The oxidant supply starts in zones close to the ignition point (spark plug), for the formation of a local mixture depleted in oxygen by injecting in this zone a maximum of 25% of its total volume supplied in each cycle, along with local injection of the entire amount of fuel supplied into the combustion chamber.

The remainder of the oxidizing agent is introduced into the combustion chamber in more advanced positions, i.e. closer to the hollow barrel, so that the combustion front that occurs with each ignition of the spark plug collides with mixtures that are more enriched with the oxidizing agent as it moves along the combustion chamber, increasing its speed and energy and causing very energetic explosions that are suitable for high quality coatings.
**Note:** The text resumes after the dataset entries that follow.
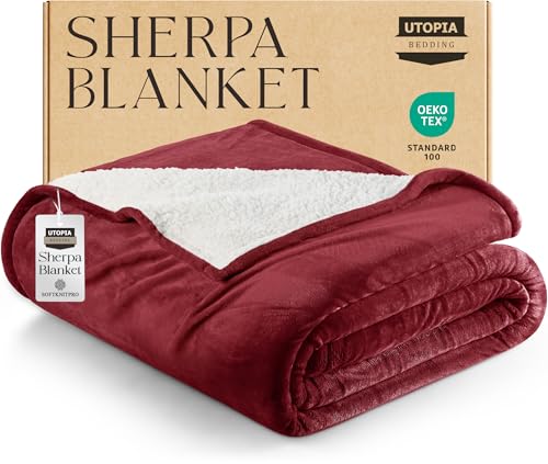 Utopia Bedding Sherpa Blanket Queen Size (Red, 90×90 Inches) – Soft Lightweight Plush Fleece Reversible Blanket for Bed, Sofa, Couch, Camping and Travel
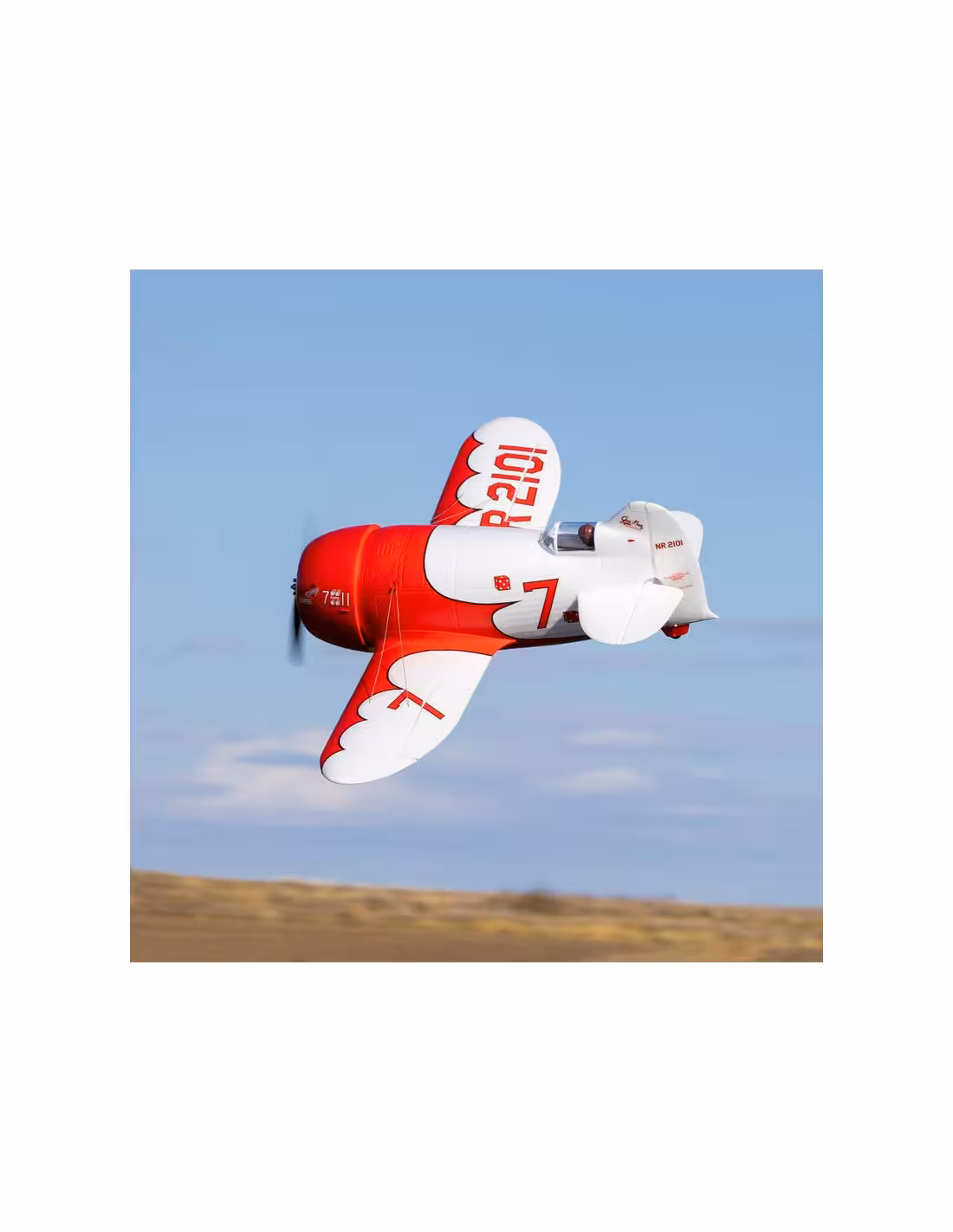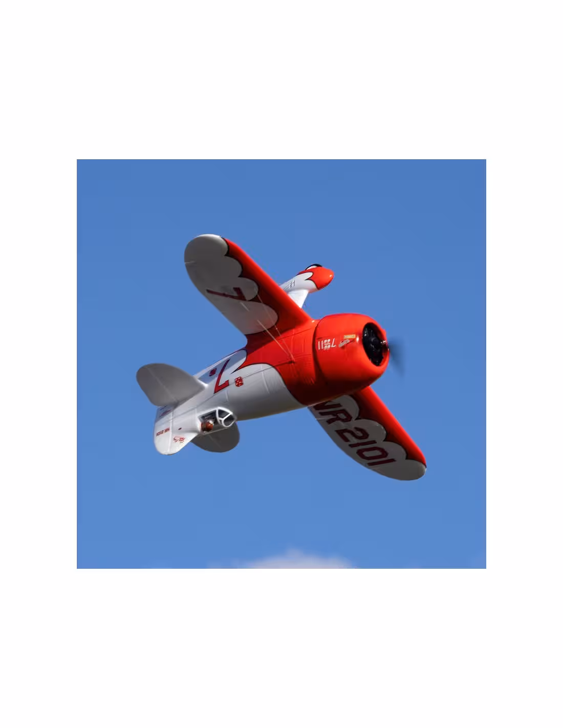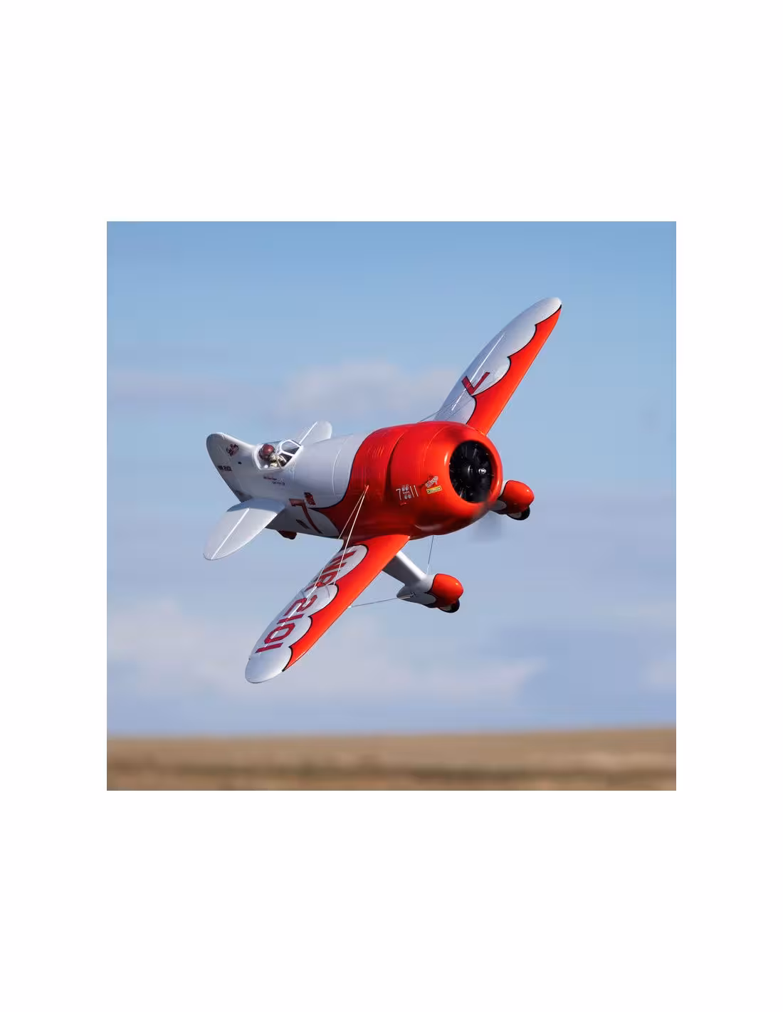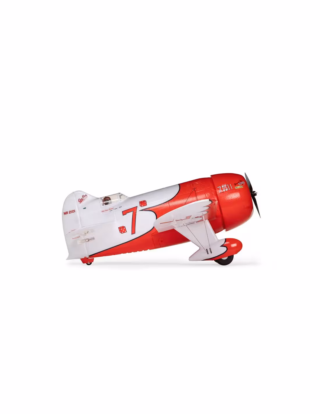 Le GeeBee R2 de chez E-flite d'une envergure de 1M dégage une authenticité et une multitude de détails réalistes comme: des lignes de panneaux moulées, un moteur radial simulé, haubans et figurine de pilote. Il est doté d'un train d'atterrissage amorti et de roues spécialement conçues pour faciliter l'atterrissage, ainsi que d'une roulette de queue orientable. L'aile monobloc est équipée de connexions mains libres. Disponible en 2 versions BNF avec récepteur Spektrum ou PNP sans récepteur .
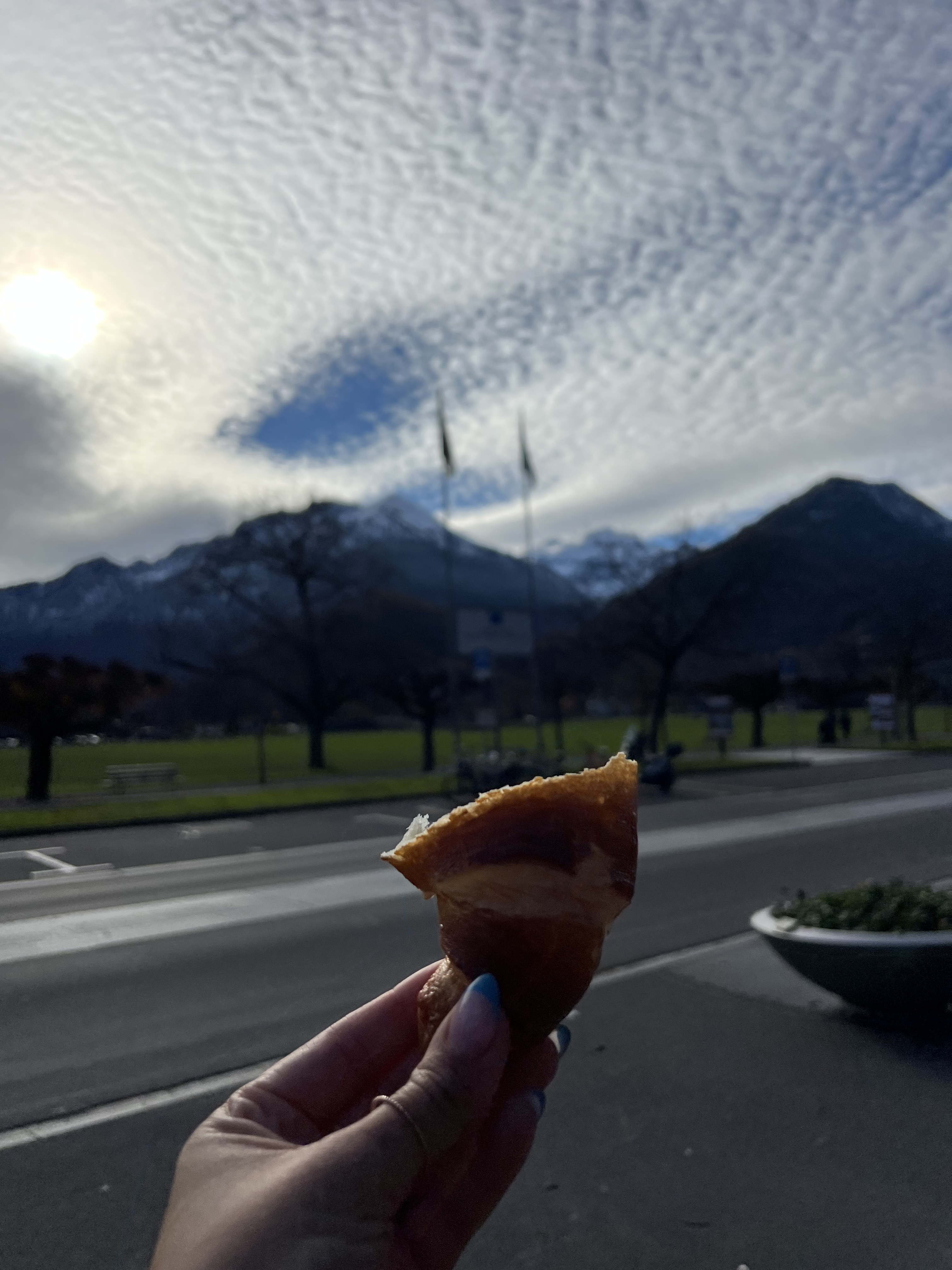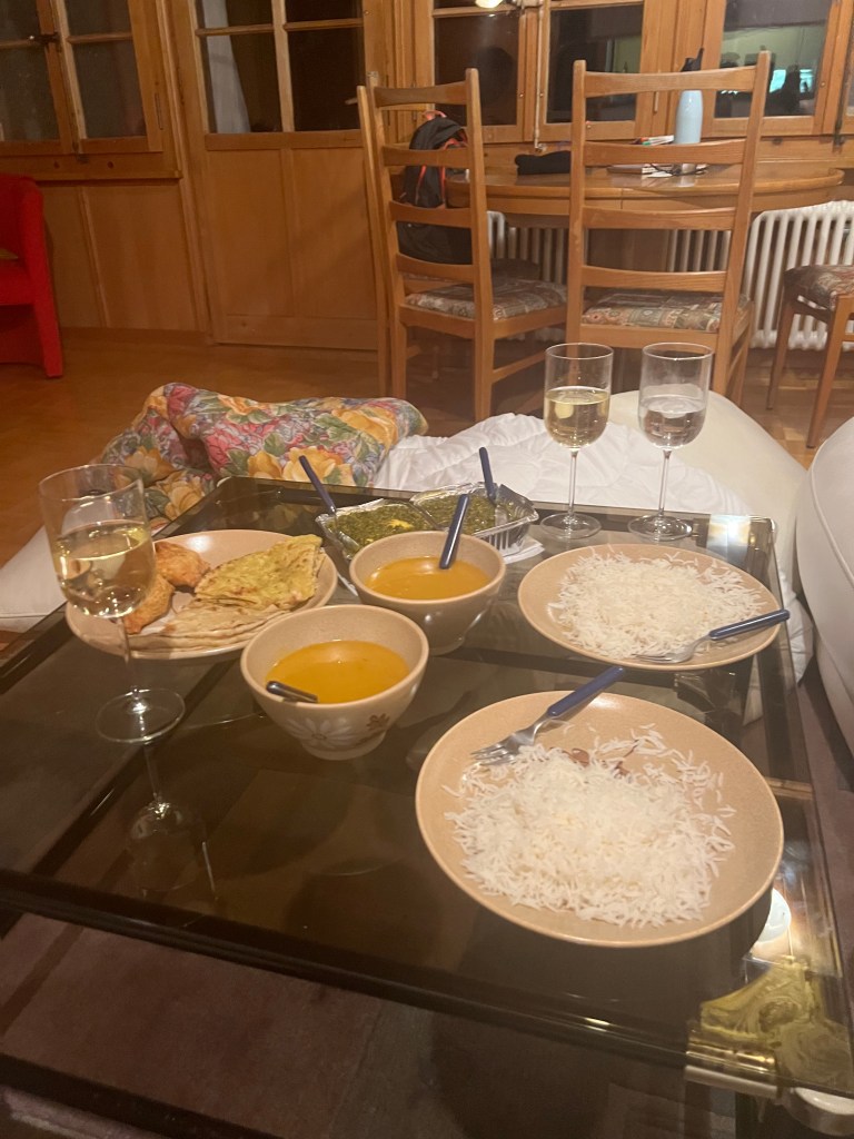 It’s our second to last day before we leave the Interlaken area and we both agreed we wanted to spend some good quality time in our Airbnb since it held such rejuvenating energy, plus the view. We had a slumber party on the couch so we could wake up to the mountains greeting us with the sunrise the next morning. We kept things slow and relaxing, binging more Survivor that morning. Then we spent the rest of the day reading, writing, stretching, reminiscing on the trip thus far – and sharing lots of laughs. We decided to keep things on the lazier side that evening and went into town to pick up more wine and some delicious Indian food for take out.
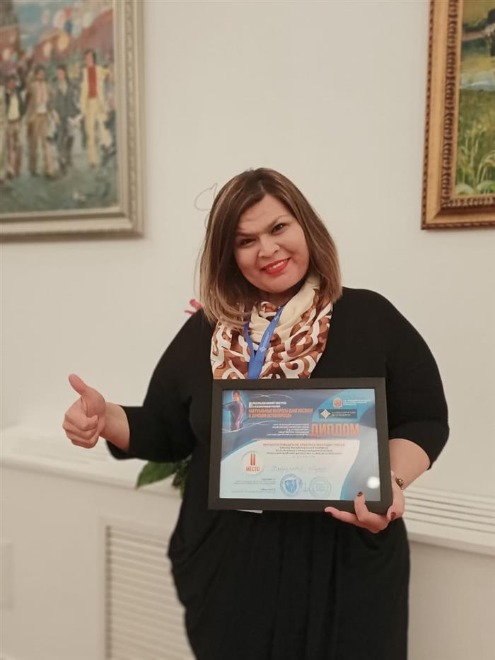 В 29 ноября 2019 года в рамках III республиканского конгресса по остеопорозу с международным участием участвовала с научной работой на тему « Влияние ингибиторов фактора некроза опухоли-а на минеральную плотность кости пациентов с аксиальной формой анкилозирующего спондилита», которая была выделена и оценена российскими учеными в данной области как проф. Баранова И.А., проф. Громова О.А. и присуждено 2-ое почетное место. В 30.11.2019 года по окончании конгресса участники были награждены с дипломами и денежными призами из рук самого президента ассоциации врачей по остеопорозу, профессора Лесняк О.М.

Thus, within the same chamber volume and the same explosive cycle, zones of higher and lower energy can be obtained. In particular, the new design of the combustion chamber and gas injection system favors the supply of energy to the area closer to the injection site of the oxidizer, and at the same time reduces the explosion energy in the rear zone of the combustion chamber, thereby increasing the efficiency of the injection system when cooling gases that accompany repeatedly outgoing pressure wave, and contributing to the continuity of the cyclic detonation process at higher frequencies than in previous devices.

According to a preferred construction, the oxidizer nozzle is concentrically located inside the combustion chamber and has an elongated part at one end that extends almost to the gun barrel, and this elongated part includes many holes located at an acute angle with respect to the gun barrel to inject the oxidizer into the combustion chamber.

The second characteristic of the gun, which is the object of this invention, relates to the introduction of a product feeding system anywhere in the barrel, i.e. system, which when used for injection of powder coating provides an increase in the amount of powder supplied to the gun per unit time, and, therefore, the amount of powder deposited on the substrate per unit time, as well as an increase in productivity of the gun.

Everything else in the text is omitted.